Все наука да наука, книги, студенты. Вот только племянника воспитывает, сына сестры, Лавра. Нет, не сиротка, просто родители его в далекой провинции, отец бестолковый и никчемный. Вот и взял он мальчика по просьбе сестрицы своей, чтобы не пропал, чтобы дать ему дорогу в жизни.
Разговор продолжался, Серафима вежливо томилась рядом с родителями. Новый знакомый ей был совершенно неинтересен, более того, он ужасно её пугал и смущал. Соболев иногда бросал на девушку быстрый обжигающий взгляд, от которого она вся внутренне сжималась, ей хотелось спрятаться за мать.
– Скажи на милость, что это ты точно воды в рот набрала, да все ко мне жалась, будто господин Соболев тебя скушать собрался? – зашипела она на дочь, когда собеседник отошел на несколько шагов.
Но не успела Серафима что-то пролепетать в свое оправдание, как новый знакомый воротился и учтиво и холодно пригласил её на танец. Девушка обмерла, ноги не слушались её, она уже решилась было отказать по причине духоты, но тотчас же наткнулась на такие испепеляющие взгляды обоих родителей, что не посмела, и, чуть ли не падая, подала руку кавалеру.
Танцевала она плохо, чувствуя себя деревянной палкой, отвечала на вопросы невпопад, краснела от собственной неловкости. Наконец и вовсе престала отвечать, поникла в руках кавалера и кое-как дожила до конца танцевальной фигуры.
– Ваша милая дочь очень утомилась от шумного бала и танцев. Возвращаю её вам. – С легкой улыбкой Соболев подвел свою незадачливую партнершу к отцу. – Мадемуазель, благодарю вас. Я давно не испытывал такого удовольствия от танца, как нынче! – и сдержанно поклонившись он удалился, оставив семейство в совершенном смятении.
Всю ночь после бала супруги гадали, последует ли теперь визит, ведь старого университетского товарища настойчиво приглашали. Если последует, то надо ли это понимать как надежду на жениховство? О, нет, это было бы слишком хорошо, чтобы быть правдой!

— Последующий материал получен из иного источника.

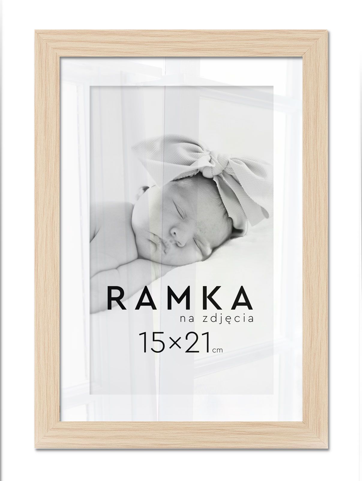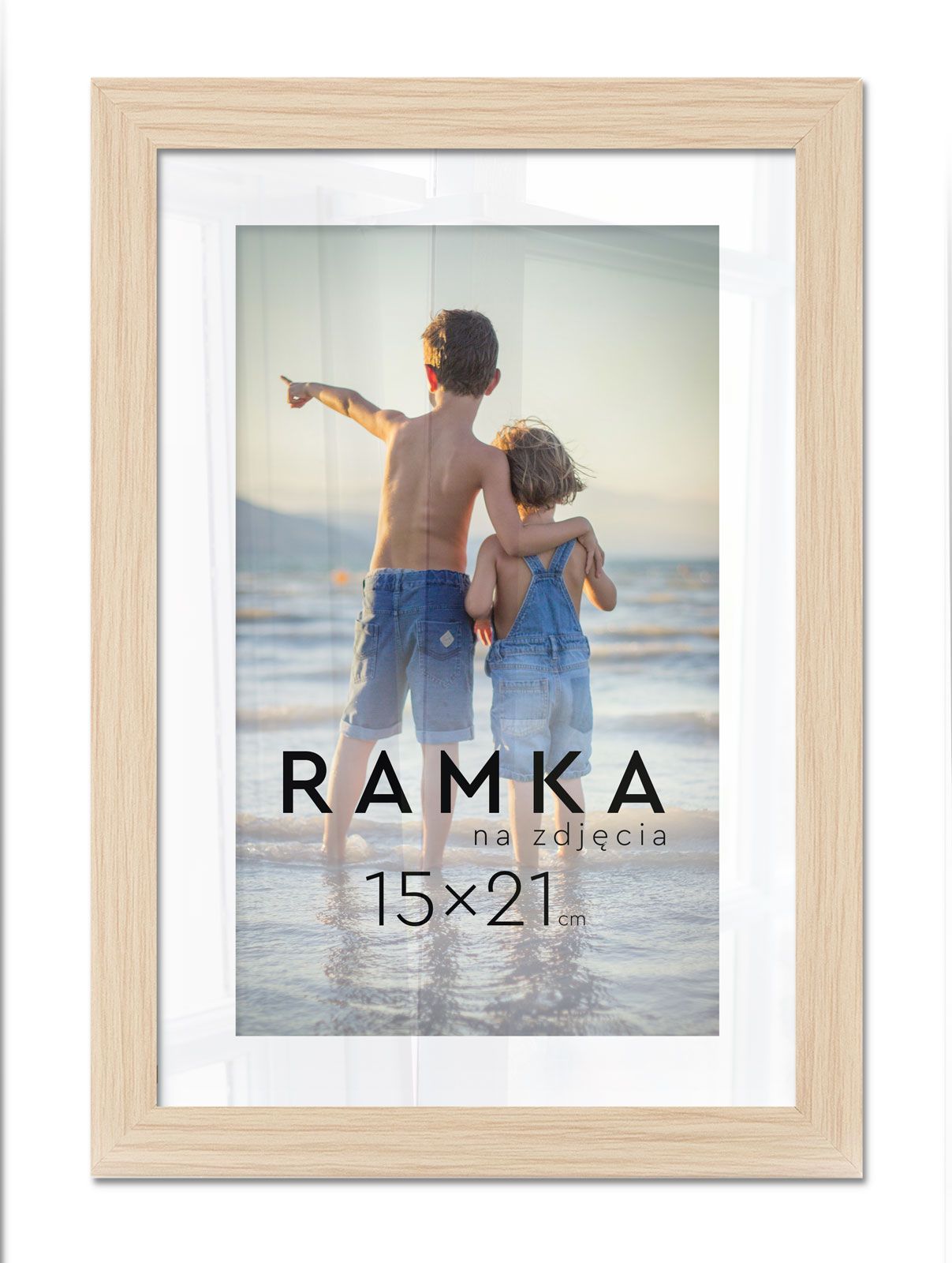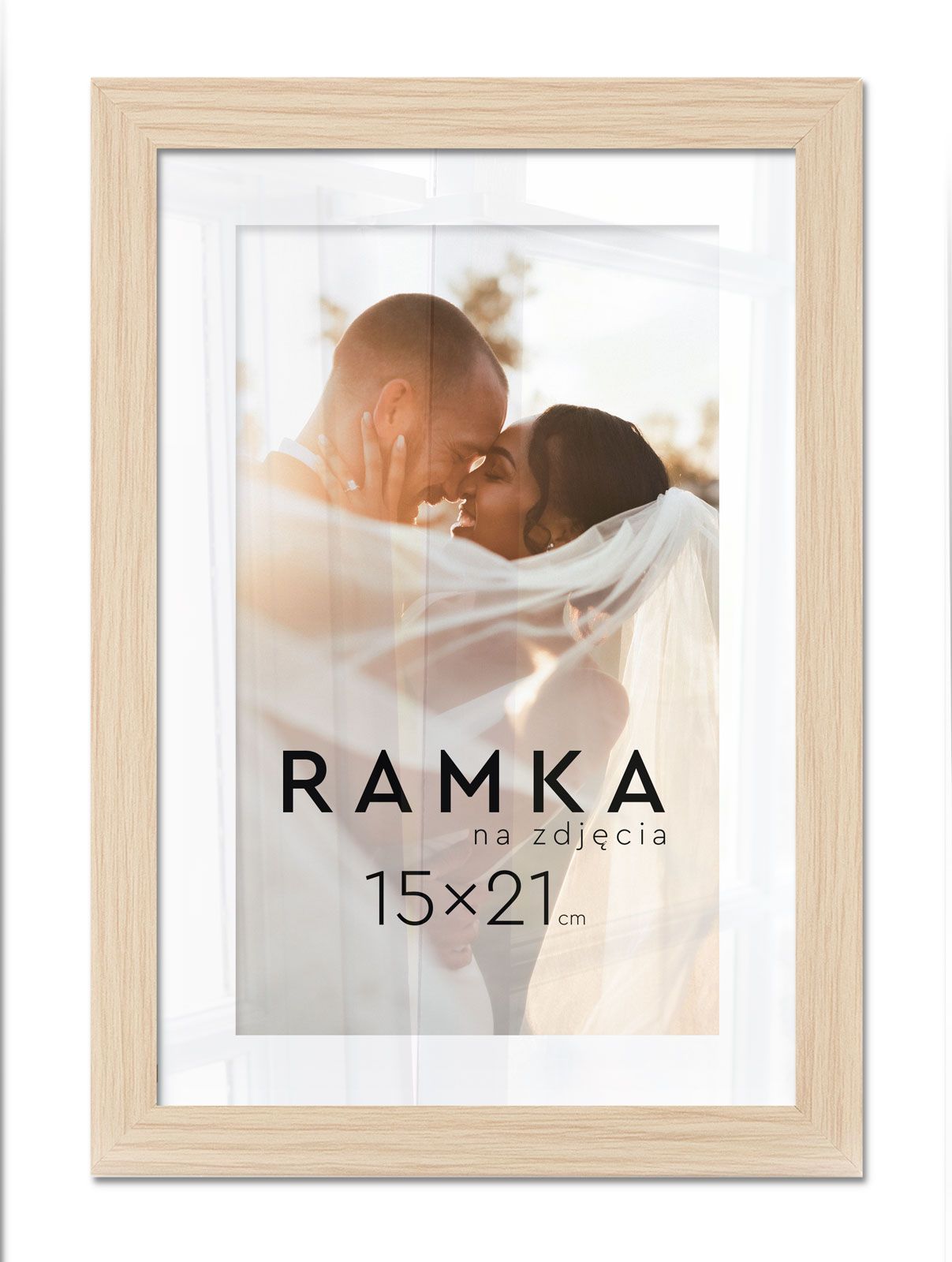 Ramka na zdjęcia 15x21 cm Buk Eleganckie ramki do oprawy plakatów, zdjęć i rysunków. Wykonane zpłyty pilśniowej, polistyrenu i lekkiej, przejrzystej pleksy 1 mm. Ramę można powiesić w pionie lub poziomie. Każdy egzemplarz jest zafoliowany. Posiadającertyfikat FSC. Wyprodukowanew Polsce. Wymiary ramy: 15x21 cm. Wymiary profilu: front 1,5 cm, bok 1,3 cm,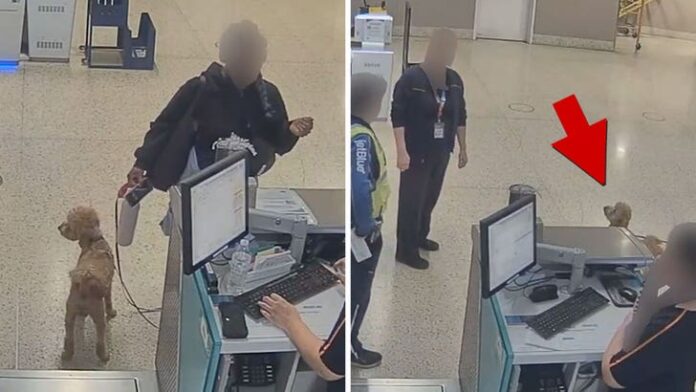 The clip then cuts to security camera footage which shows this individual arriving with her dog and stopping to chat with the woman at the checked bag desk.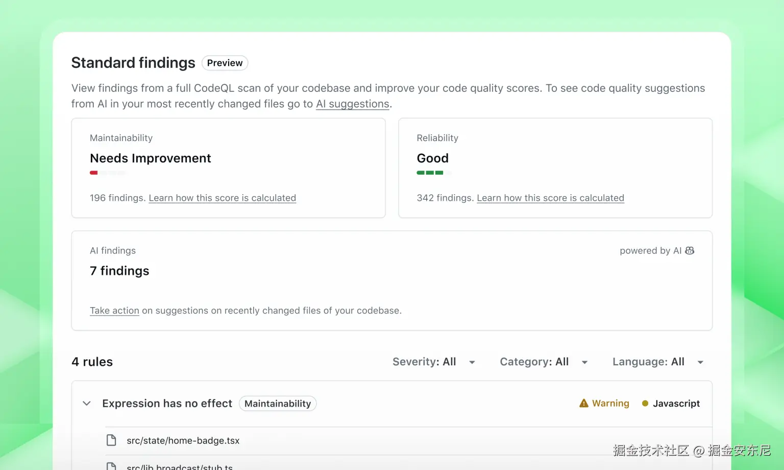 在代码质量层面,最大的问题是:“LGTM(Looks Good To Me)” 并不总代表“健康的代码”。一个看似通过的评审,可能仍在削弱代码库质量,积累长期技术债。通过 GitHub Code Quality(公测中) ,你可以在组织层面获得可见性、治理与报告能力,系统地提升代码的可维护性、可靠性与测试覆盖率。启用此功能后,Copilot 的安全检查也将扩展至代码可维护性与可靠性影响层面。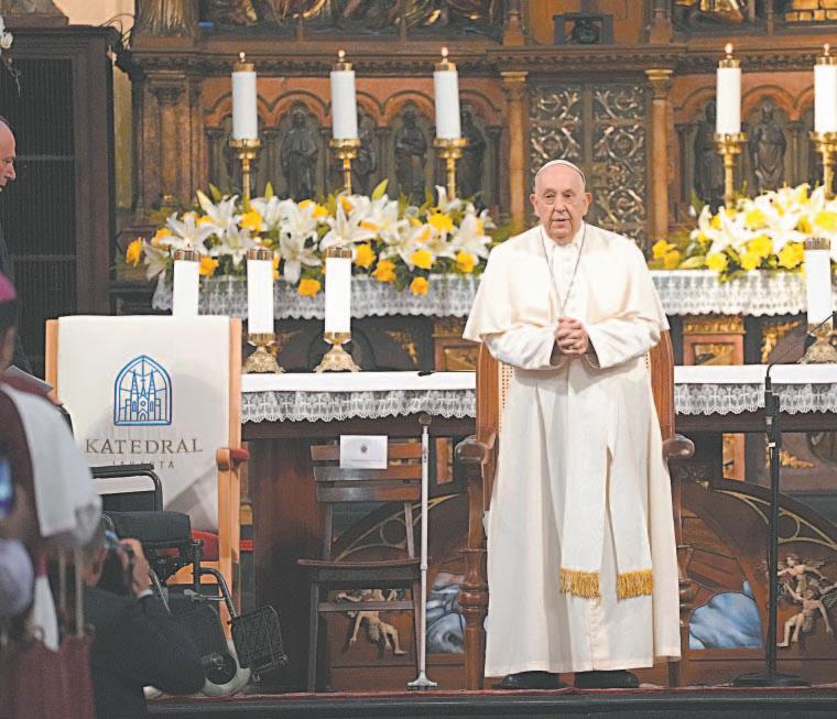 Al fi nal de una jornada de más de 10 horas, Francisco se dio un baño de masas, estrechando la mano de los fi eles con entusiasmo. “¡Viva el Papá!”, gritaban cientos de personas congregadas detrás de las barreras alrededor de la Catedral de Yakarta mientras el Santo Padre se dirigía en silla de ruedas hacia su automóvil. Cientos de niños y jóvenes con trajes tradicionales y banderas de Indonesia y del Vaticano recibieron a Francisco, que también presenció un desfile militar y escuchó los himnos de ambos países.

Поэтому когда через несколько дней долгожданный гость все-таки явился, в доме начался совершенный переполох и ажитация. Одна Серафима пребывала в счастливом неведении, при детской ее наивности ей и в голову не могло прийти, что этот строгий дяденька, почти старик, ведь он старше её на двадцать лет, может сделаться её женихом!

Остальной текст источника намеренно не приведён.